Extravagance limits government’s capacity to meet the physical and social infrastructure investment needs necessary to unlock and sustain growth.

In the meantime, it would be easy to overlook, or dismiss as inconsequential, Ramaphosa’s recent public engagements.

Ramaphosa did not waste time kicking off what appears to be his 2019 electioneering charm offensive. He undertook regional blitzes in three key provinces, while paying homage to ANC legends and traditional leaders.

He used the opportunity to not only shore up ANC support in election battlegrounds, but also consolidate his grip on power.

The new ANC president sought to foster party unity in disaffected areas, especially in Kwa-Zulu Natal and the Eastern Cape.

The political gods must be smiling upon Ramaphosa.

The ANC’s fiercest competitor, the DA, is beset by internal ructions countrywide. Its facade of stability, unity and uprightness is peeling off as its leaders accuse each other of arrogance, corruption, fraud, theft, nepotism and maladministration. This would have been unimaginable just a few years ago.

Zuma’s departure, the emergence of the affable and upright Ramaphosa, and the ANC’s adoption of reformulated, albeit improbable, policy positions on land and funding for higher education seem to have set the Economic Freedom Fighters (EFF) at sixes and sevens.
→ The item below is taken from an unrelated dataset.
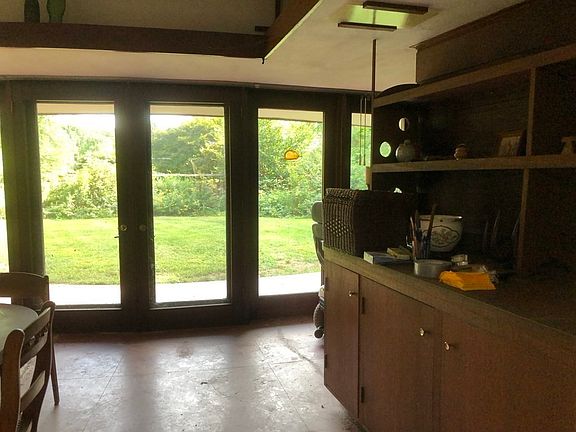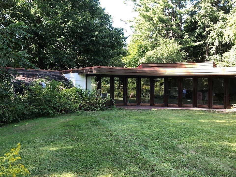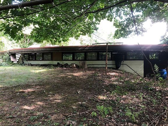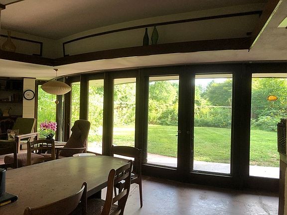 Classic Usonian style home is looking for a new owner! Based on the Frank Lloyd Wright "solar hemicycle" design, it features the front wall of windowed doors facing south, multiple skylights for natural lighting, wide roof overhang to aide passive heating and cooling, flat roof cantilevered so water sheds to the berm at the north facing rear of the house. (Imagine all of this built in New England in 1956, as remarkable as its original owner!) As much thought and planning was given to the property with a fence mirroring the half circle of the house so the front yard landscaping is integral to the living area. The driveway entrance featured a lily pond and natural plantings while a well planned greenhouse allowed the owner to indulge exotic plants, especially orchids. The open floorplan and radiant floor heat also make the construction wonderfully contemporary. Now it needs someone to restore its many unique features; come see!

These new developments seem to have caught the EFF off guard and without a cogent strategic response.

While the DA’s intraparty bun fights linger and the EFF unleashes full-frontal assaults on mannequins, Ramaphosa is warmly embraced across the political and racial spectrum.

Nevertheless, there are concerns that Ramaphosa may succumb to political expediency when appointing members of his Cabinet and senior bureaucrats. Fears that Ramaphosa will capitulate to undue political influences seem baseless.
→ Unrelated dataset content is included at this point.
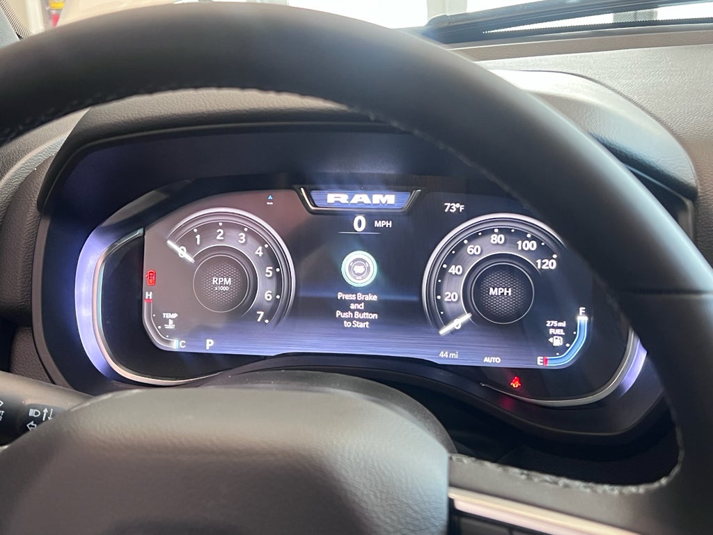 You'll never again be lost in a crowded city or a country region with the navigation system on it. The vehicle is equipped with the latest generation of XM/Sirius Radio. Keep your hands warm all winter with a heated steering wheel in this Ram 1500 . The satellite radio system in it gives you access to hundreds of nation-wide radio stations with a clear digital signal. The vehicle features a hands-free Bluetooth® phone system. Never get into a cold vehicle again with the remote start feature on this Ram 1500. This model's Forward Collision Warning feature alerts drivers to potential front-end collisions. This vehicle offers Android Auto for seamless smartphone integration. The vehicle has automated speed control that adjusts to maintain a safe following distance, enhancing highway driving convenience. Apple CarPlay: Seamless smartphone integration for this unit - stay connected and entertained on the go! This Ram 1500 offers Automatic Climate Control for personalized comfort.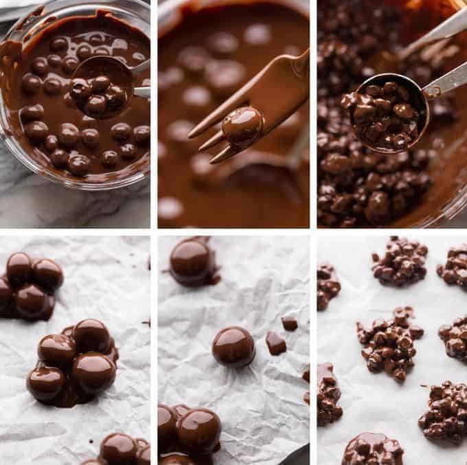 Whether your making clumps or individual pieces, make sure that you allow excess melted chocolate to drip off the back of a spoon or fork, back into the bowl before setting them out to dry.

Having instructed the Eskom board to “immediately remove all Eskom executives who are facing allegations and other acts of impropriety”, it is inconceivable that Ramaphosa may then seek to act differently when making appointments.

It is crucial, therefore, that Ramaphosa conducts himself with forthrightness and consistency in his management of the affairs of both the ANC and the state. I do appreciate the need for cautious optimism about the inherent possibilities of a Ramaphosa presidency, while still highly cognisant of our human frailties.

I will, however, not let that dampen my boundless optimism, sustained by my insatiable yearning for a prosperous future for all.